Jill Strathern left town for the big city and never looked back—until she returned home years later to run a small law practice. It turns out her childhood crush, Mac Kendrick, a burned-out LAPD cop, has also come back to sleepy Los Lobos. Even though Mac had rejected her back in high school, Jill can't deny the attraction she still feels for him.
Now Jill and Mac are tangled up in enough drama to satisfy the most jaded L.A. denizens—Mafia dons, social workers, angry exes and one very quirky eight-year-old can make even the simplest romance complicated. And it all goes to prove that when it comes to affairs of the heart, there's no place like home.
4.5 stars! "When you think of passion, drama and heartwarming stories, think Susan Mallery. As always, she delivers a top-notch story."
RT Book Reviews
Chapter One
"I look like a freak," Shelley said as she plopped down in the chair and covered her face with her hands. "I'll have to move under the cover of darkness so I don't frighten small children."
Jill Strathern sat down next to her assistant and patted her back. "You're not a freak."
"You're right." Shelley raised her head and sniffed. "Being a freak would be an improvement." She gave a strangled sob.
"This is all fixable," Jill reminded her. "You're not scarred for life."
"My psyche is."
"I think you'll recover."
In fact, Jill was sure of it. Shelley had left work the previous evening excited about her appointment at a new and trendy salon. She'd gone in expecting some subtle highlights and a few layers. She'd left with a botched body perm, orange brassy color and a cut that could only be described as...unfortunate.
"You know what? I have a great idea." Jill stood and walked around her desk where she flipped through her electronic rolodex. "I know exactly who can fix this for you."
Shelley looked up. "Who?"
"Anton."
Shelley sucked in a breath and for the first time that morning, hope filled her swollen eyes. "Anton? You know him?"
Anton, like Madonna, was famous enough not to need a last name. Two-tone highlights and a styling cost as much as a small imported car, but the rich and famous swore by his magic fingers.
"I'm his lawyer," Jill said with a grin. "Now let me call him and explain we have a hair emergency. I'm sure he can take care of everything."
Fifteen minutes later Shelley had an appointment for early that afternoon. Jill promised to let her make up the time by coming in early for the next couple of days.
"You're the best," Shelley said as she walked to the door and stepped out into the hallway. "If you ever need me to do anything, let me know. I'm serious. A kidney. Have your baby, whatever."
"Maybe you could look over the brief I left on your desk," Jill told her with a laugh. "It's due first thing in the morning."
"Absolutely. Right this second. Thanks."
Jill chuckled as she turned back to her computer. If only all of life's problems could be solved so easily.
Two hours later, she looked up from her research. Coffee, she decided. A nice, little jump-start to keep her brain going. She stood and headed for the centrally located lunch room where jumbo carafes full of liquid energy waited.

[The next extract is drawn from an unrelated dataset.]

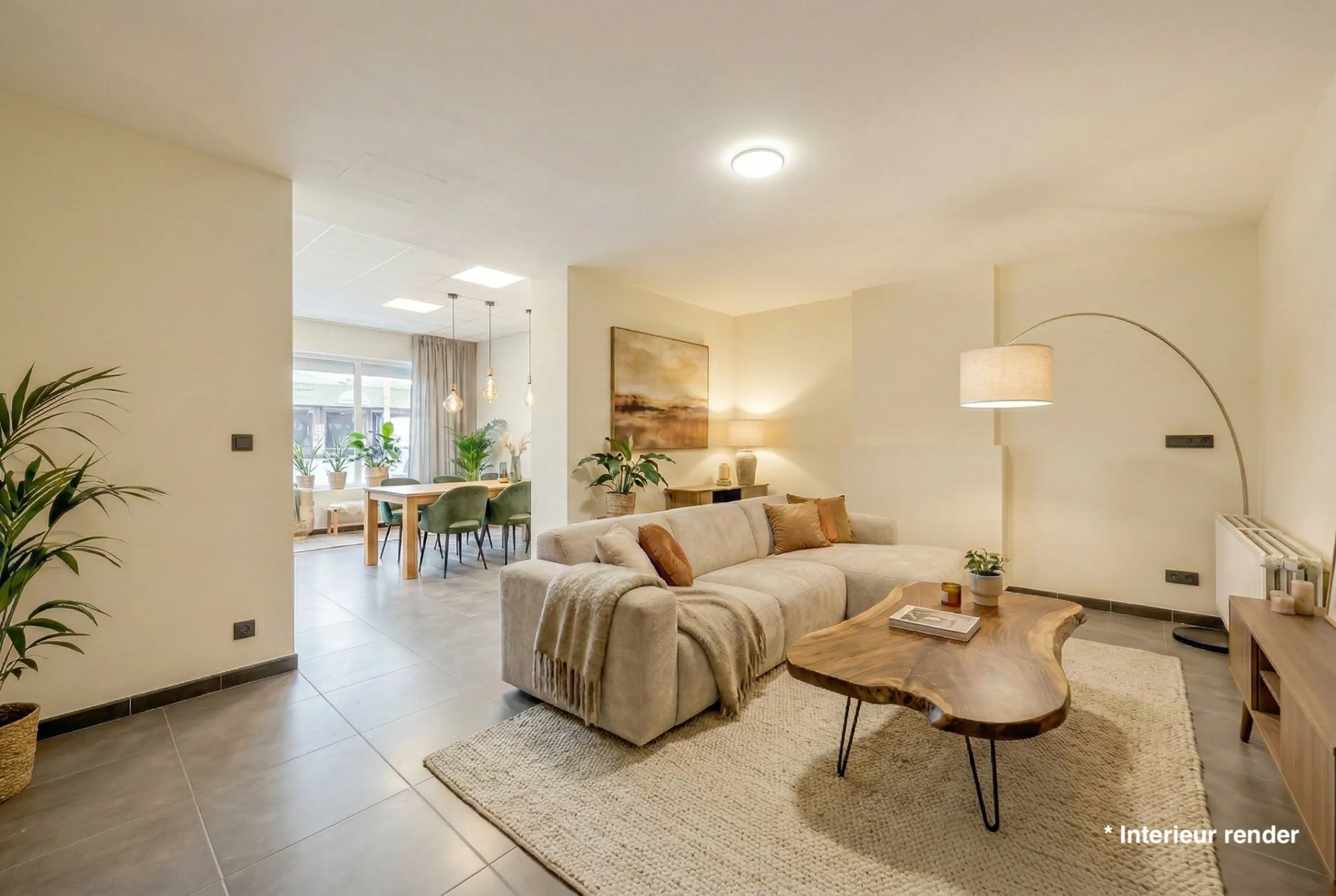 Op het gelijkvloers bevindt zich een ruime living van 54,52 m² met airco. Deze open leefruimte laat zich vlot indelen in een gezellige zithoek en een volwaardige eetplaats. Grote oppervlaktes zorgen voor een aangenaam gevoel van vrijheid. Aansluitend ligt de keuken van 7,56 m². Compact en praktisch ingericht, met alles binnen handbereik. Verder is er op deze verdieping een badkamer aanwezig. De indeling is logisch en functioneel, waardoor het dagelijkse comfort gegarandeerd is.

On her way back, she detoured around to the other side of the offices where her husband, also a third year associate, had his office. They'd been working so many hours the past few weeks, they'd barely seen each other. Her calendar was free. If Lyle's was, too, maybe they could grab lunch together.
His assistant was gone and his door closed. Jill knocked lightly once, then pushed inside. She moved quietly, not wanting to interrupt if he was one the phone.
He was busy, all right, but not with a call. Jill stopped in the center of the room. Breath left her body as the mug of coffee fell to the carpeted floor. She didn't remember letting go, but she felt the hot liquid splash onto her legs.
Her husband of three years, the man she lived with, worked with and cooked for, stood beside his credenza. His jacket was over his chair, his pants around his ankles and he was busily banging his assistant. So busy, in fact, he hadn't noticed Jill's entrance.
"Oh, yeah, baby," Lyle breathed. "Just like that."
But the woman saw Jill. Her face paled and she shoved Lyle away.
Later she would remember the silence and how time seemed to slow. Later she would recall the way papers had fluttered to the floor as his assistant scrambled off the credenza and jerked up her pantyhose. Later, she would want to kill Lyle. But right now she could only stare in disbelief.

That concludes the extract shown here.